It is well known that edible mushrooms are low in calories and rich in polysaccharides, proteins, vitamins, and minerals. Recently, researchers have paid greater attention to the value of edible mushrooms in food therapy. The family Auriculae has two well-known mushrooms, Auricularia auricula-judae (AA) and Auricularia polytricha (AP). AP is a common edible mushroom in Taiwan. Unlike AA, AP has a thicker fruiting body with very short and fine fur on its backside. Plants of the Auriculae genus have abundant functional components: polysaccharides, polyphenols, tannins, etc. [8]. Polysaccharides, especially soluble ones, are primary active components of AP and AA, as discussed in previous studies [9, 10]. In addition to polysaccharides, polyphenols and tannins are also important elements in the genus. Moreover, early research mostly focused on the health-promoting effects of AA, with little discussion of the function of AP. Recently, antitumor effect, immunomodulation, and free radical scavenging of AP was investigated [11-13], unearthing evidence that active components of AP might have capacity to protect against the two-hit theory of NAFLD. Our laboratory analysis indicates AP aqueous extract (AP) having more active compounds and stronger radical-scavenging abilities than AA aqueous extract (Table 1) and water extraction producing less toxic and concentrated or elevated active components of AP. Consequently, we use AP as functional supplement on hepatic injury with animal model of NAFLD.

Table 1 Component analysis and antioxidative capacity of Auricularia Polytricha and Auricularia Auricula water extracts.

2. Materials and methods

2.1. Chemicals and Reagents

For biochemical analysis, DiaSys system kits for Hitachi 917 determined serum lipids, hepatic and renal function. (Holzheim, Germany). Commercial kit to gauge fasting blood glucose (FBS) was obtained from Randox Laboratories, Ltd. (Randox Laboratories, London, UK). Blood glucose test strips monitored FBS during experiments. (EasiCheck, Taiwan). Bone-specific alkaline phosphatase (BSAP) was quantified by commercially available, enzyme-linked immunosorbent assay (ELISA) kit (USCNK Life Sciences, Houston, TX). Osteoprotegerin was determined by ELISA kit (Immuno Diagnostic Systems, Boldon, UK).

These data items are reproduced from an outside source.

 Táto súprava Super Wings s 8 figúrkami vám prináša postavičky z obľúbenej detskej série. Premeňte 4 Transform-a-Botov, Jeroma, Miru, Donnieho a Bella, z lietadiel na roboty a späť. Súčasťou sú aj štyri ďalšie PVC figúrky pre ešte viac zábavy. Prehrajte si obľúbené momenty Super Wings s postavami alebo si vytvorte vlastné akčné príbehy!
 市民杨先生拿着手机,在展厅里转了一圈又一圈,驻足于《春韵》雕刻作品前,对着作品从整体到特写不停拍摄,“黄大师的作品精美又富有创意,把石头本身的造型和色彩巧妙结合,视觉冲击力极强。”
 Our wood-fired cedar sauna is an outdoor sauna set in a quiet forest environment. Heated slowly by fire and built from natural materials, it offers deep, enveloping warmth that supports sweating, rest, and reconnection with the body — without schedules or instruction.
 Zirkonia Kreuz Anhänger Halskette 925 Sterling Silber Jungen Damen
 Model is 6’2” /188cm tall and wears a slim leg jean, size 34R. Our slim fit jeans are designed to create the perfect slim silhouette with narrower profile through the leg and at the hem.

2.2. Plant Extract Preparation

A commercially cultivated strain of AP was purchased from Jhongpu Township, Chiayi, Taiwan, extraction procedure modified from that of Puttaraju and colleagues [13]. Briefly, rehydrated fruiting bodies were steeped in reverse osmosis (RO) water (5 times sample volume) at 126 ºC, high pressure (1.2kg/cm2) for 30 min, and ultrasonicated for 1 h. After proper filtration (130-140 mesh), AP was spray-dried and ground to fine powder (0.4mm).

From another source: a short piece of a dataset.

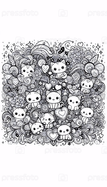 Красочная страница кавайи с волшебными кошками и вихрями, Ai generated image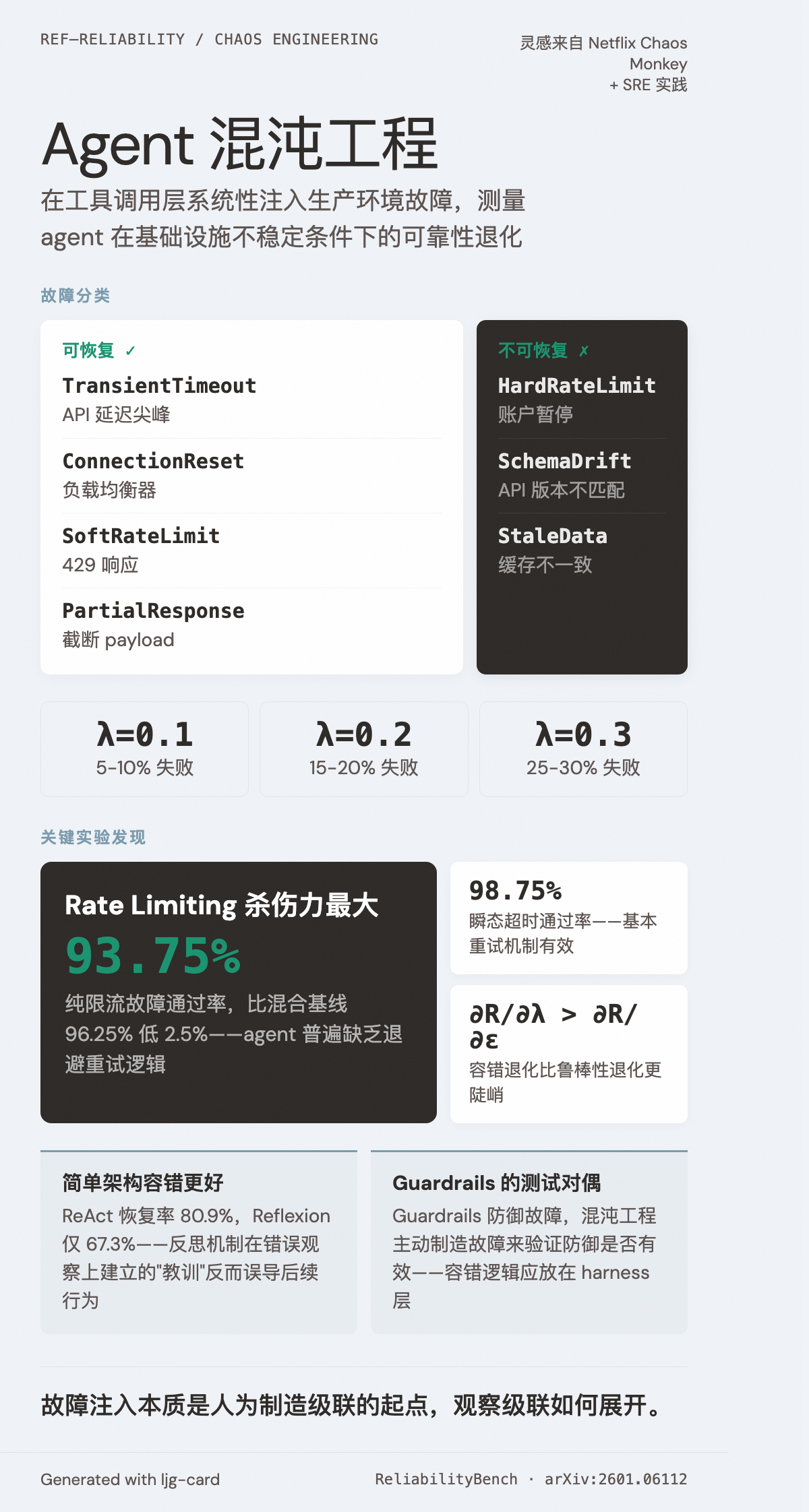 灵感来自 Netflix 的 Chaos Monkey 和 Site Reliability Engineering 实践。ReliabilityBench 首次将这一方法论系统化应用于 agent 评估。

2.3. Animals and Treatment

Forty six-week-old, male Sprague-Dawley rats were purchased from the National Laboratory Animal Center (Taipei, Taiwan). After a week of acclimation, 32 animals were fed a high-fat diet containing 88% laboratory rodent chow, 10% lard, and 2% cholesterol, to induce NAFLD [14]. The remaining eight rats were fed a laboratory rodent chow as normal controls. After eight weeks’ induction, thirty-two rats were divided into groups: high-fat diet (HFD), reversion to rodent chow diet (NR), 1× AP (0.75% AP in chow diet, w/w), and 2× AP (1.5% AP in chow diet, w/w). Animals were subsequently fed designated diets for four weeks, then sacrificed; blood and liver samples were collected after study. The Institutional Animal Care and Use Committee of China Medical University approved animal protocols.

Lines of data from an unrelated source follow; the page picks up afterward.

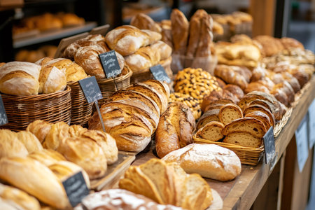 A vibrant scene of a bakery display filled with various types of bread, including baguettes, sourdough, and pastries, inviting customers to indulge in freshly baked goods.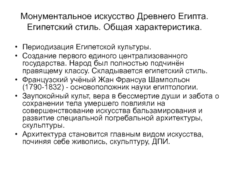 Слайд 2Монументальное искусство Древнего Египта. Египетский стиль. Общая характеристика.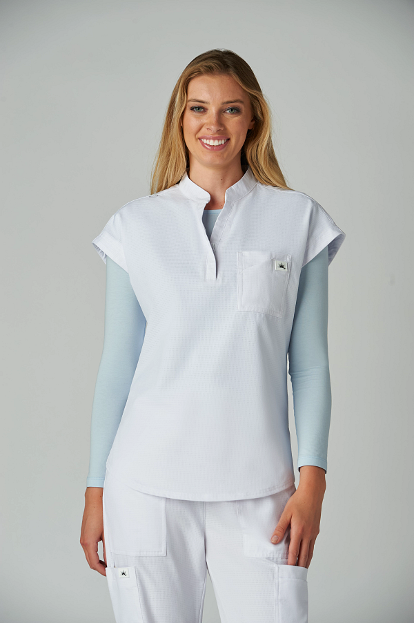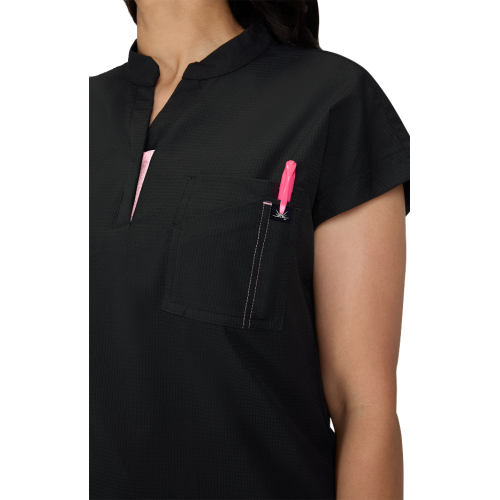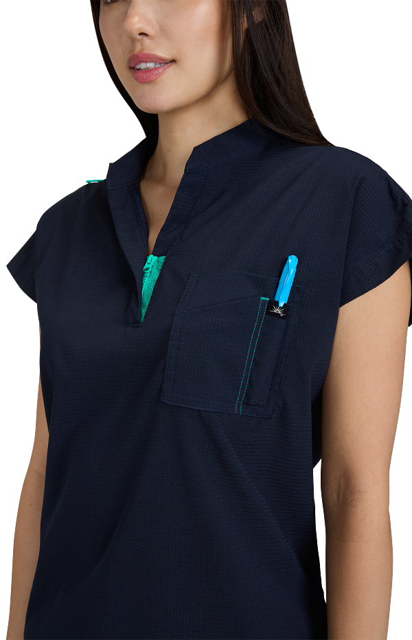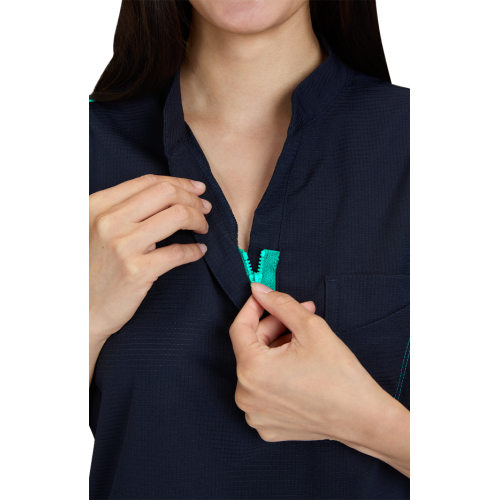 Catrin Top Blusa Scrub Moderna con Cierre – Suavidad y Resistencia. Diseñada para brindar comodidad, estilo y durabilidad, esta blusa scrub cuenta con tela ExoFlex™ ripstop elástica, resistente pero increíblemente suave al tacto. Su cuello con zipper le da un toque moderno, mientras que el bolsillo combinado en el pecho con espacio para bolígrafos mantiene todo lo que necesitas a la mano. Las aberturas laterales permiten mayor movilidad y puedes usarla por dentro o por fuera del pantalón para un look profesional y versátil. Características: Cuello con cierre (zipper) moderno Bolsillo doble en el pecho con espacio para bolígrafo Cordón para ID en contraste Tela ripstop elástica, suave y resistente Tela: 97% poliéster / 3% spandex Largo (talla Small): 25”

2.4. Plasma and Liver Analysis

Commercial kit (DiaSYS respons®, Germany) analyzed aspartate aminotransaminase (AST) and alanine ami notransaminase (ALT). AST catalyzed L-aspartate and α-ke toglutarate to form oxaloacetate and L-glutamate, while oxaloacetate and NADH together formed NAD+ colored and detected at 340 nm. Pyruvate, end product of ALT catalyzation, formed detectable NAD+ with NADH at 340 nm.

2.5. Total cholesterol (plasma, liver), high-density lipoprotein cholesterol (HDL-C), low-density lipoprotein cholesterol (LDL-C), and very LDL cholesterol (VLDL-C)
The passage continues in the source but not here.